2.2 Statistical Traffic Classification

Traffic classification is one of the essential network management functions, which reveals what kinds of applications are present in a network traffic flow. It can also be used for anomaly detection, determining whether a flow is involved with malicious attacks, such as infiltration and denial of service.

A network traffic flow is a sequence of packets from one source to another destination, typically represented by a tuple of four attributes (source/destination IP addresses, source/destination ports). We can compute statistical characteristics for one flow, such as flow duration, number of packets, packet sizes, and packet inter-arrival time. Statistical traffic classification approaches utilize these computed characteristics as features for machine learning model training and its inference. Even though the existing approaches[8-16] yield feasible classification performance, they have constraints to apply to IoT devices: that is, they are based on computation-expensive machine learning algorithms inappropriate for IoT devices.

Ⅲ. Experiment Setup

3.1 Datasets

We evaluate the hierarchical anomaly detection using six widely used network intrusion datasets: KDD’99, NSL-KDD, UNSW-NB15, CICIDS-2017, CICIDS-2018, and UNR-IDD[17-22].

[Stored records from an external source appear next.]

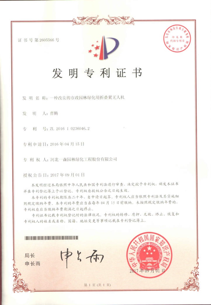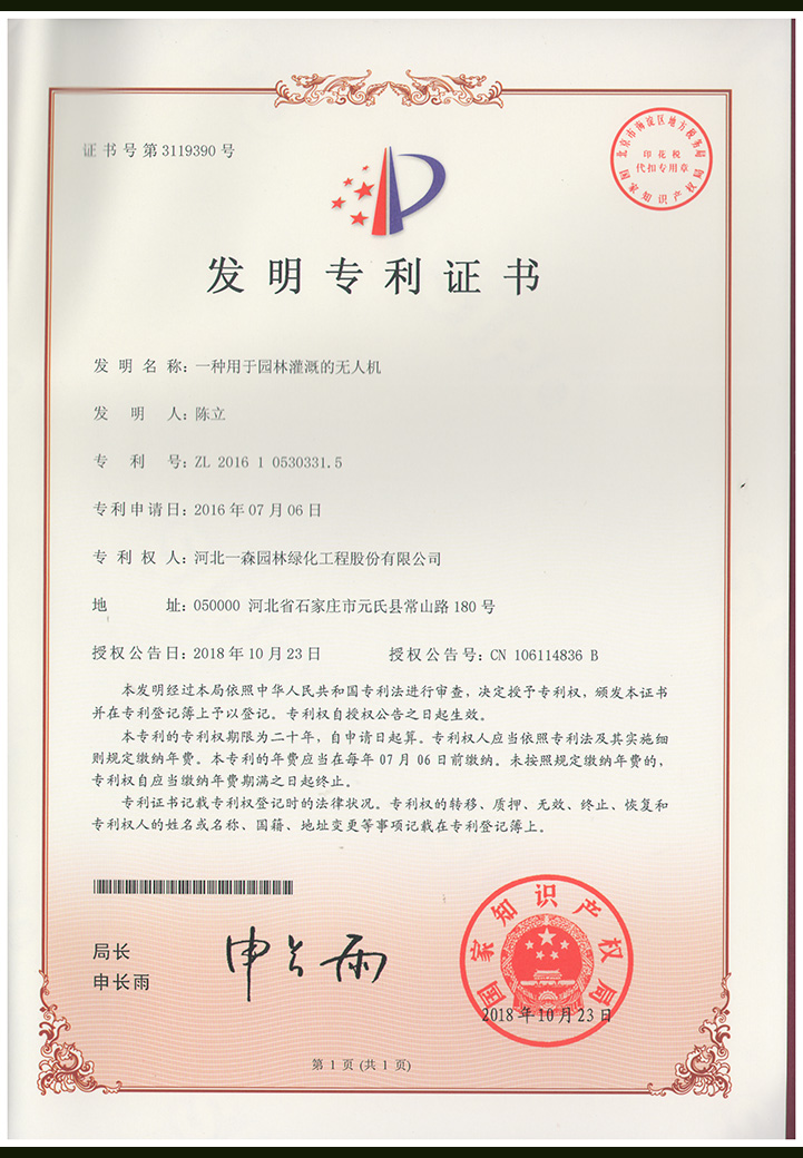“一種用于園林灌溉的無人機”發(fā)明專利證書
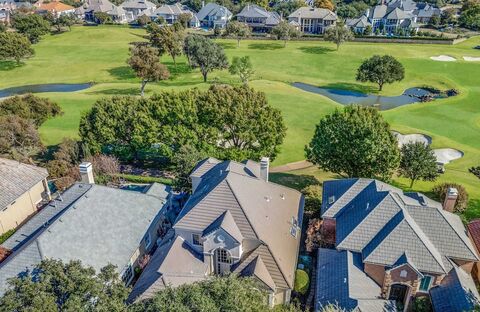 OPEN HOUSE THIS SUNDAY 2-4PM! Discover an extraordinary opportunity in Friscos prestigious Stonebriar Villagea gated-guarded-resort-style community known for its five-star amenities & coveted lifestyle. Tucked away on a quiet cul-de-sac, this exquisite Steve Roberts custom home is perfectly positioned on an elevated lot, offering breathtaking views of the 7th & 15th fairways that will give Augusta National a run for its money. Inside, timeless architecture-refined finishes-generously scaled rms set a sophisticated tone. A dramatic entry welcomes you w-soaring ceilings-a sweeping staircase & magical golf & water vistas. The elegant DR overlooks a serene atrium filled w-lush greenery & a tranquil water feature. The inviting family rm features custom built-ins-a cozy fireplace-a convenient wet bar-all flowing seamlessly into the kitchen w-gas cktp-dbl ovens-buitl-in fridge-butlers pantry-a sunlit brkfst rmideal for both everyday living & effortless entertaining. The private primary
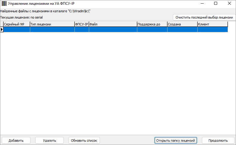 После нажатия кнопки «ОК» откроется окно управления лицензиями на УА ФПСУ-IP:
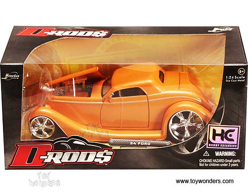 90770 D-RODZ 1934 Ford Hard Top. 1:24 scale diecast model car. This Ford is an 8" long die cast model with openable doors, hood & trunk. D-ROD$ Hobby Exclusive. Jada Toys. Window Box. Jada Toys. Also known as D-Rod, D-Rods, D-Rodz, D Rod, D Rods, D Rodz, DRod, DRodz, DRods. 90770 in MEDIUM PEARL and ORANGE colors. WB To see more die-cast lowriders (click here). To see more Jada collector die-cast models (click here). Case pack: 12 pcs. Sold in lots of 6 pcs. Price quoted is for 1 pcs.
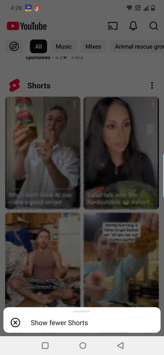 Você também pode restringir o número de Shorts que vê rolando até o Shorts seção em seu feed, tocando no ícone de menu de três pontose selecionando Mostrar menos Shorts.
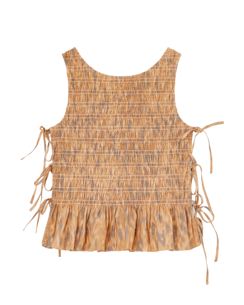 Ganni Printed Stretch Cotton Smocked Tie String Top Burro
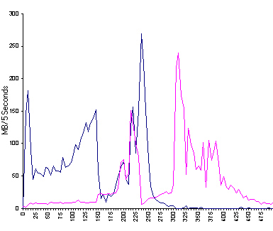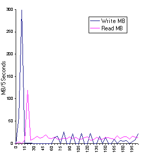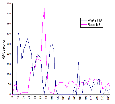 Tests were run with Performance Monitor logging of Physical Disk Write and Read Bytes and Bytes/Second. The graphs below are extrapolations of million bytes written and read over the 5 second monitoring periods. At least they confirm that the disks can run at 50 to 60 MB/second. CPU utilisation was also reported and was extremely low for most of the time.

KDD’99[17] is a dataset that consists of network traffic instances characterized by 41 features, which can be classified as one of four attack categories: Denial of Service (DoS), User to Root (U2R), Remote to Local (R2L), and Probing attacks. Even though it is outdated, it is widely used for evaluating approaches for detecting network intrusions.

NSL-KDD[18] is a refined KDD’99 dataset. It solves inherent problems of KDD’99 such as a large number of duplicated instances and uneven levels of instance difficulty for classification by providing refined and preprocessed training and testing datasets.

UNSW-NB15[19,20] is a synthetic dataset comprised of normal and contemporary attacks activities created by IXIA PerfectStorm. We utilize the preprocessed flow-level traces with 49 features used in [19].

CICIDS 2017 and 2018 datasets[21] offer raw packet capture traces of network traffic that consist of benign and malicious network activities. We use the dataset that consists of 61 network flow statistics extracted and cleaned from the raw packet traces[23].

UNR-IDD[22] is an intrusion detection dataset of network statistics on 32 metrics observed at switch/router ports. By providing the port statistics instead of flow level ones, it enables a fine-grained network flow analysis and classification at the port level.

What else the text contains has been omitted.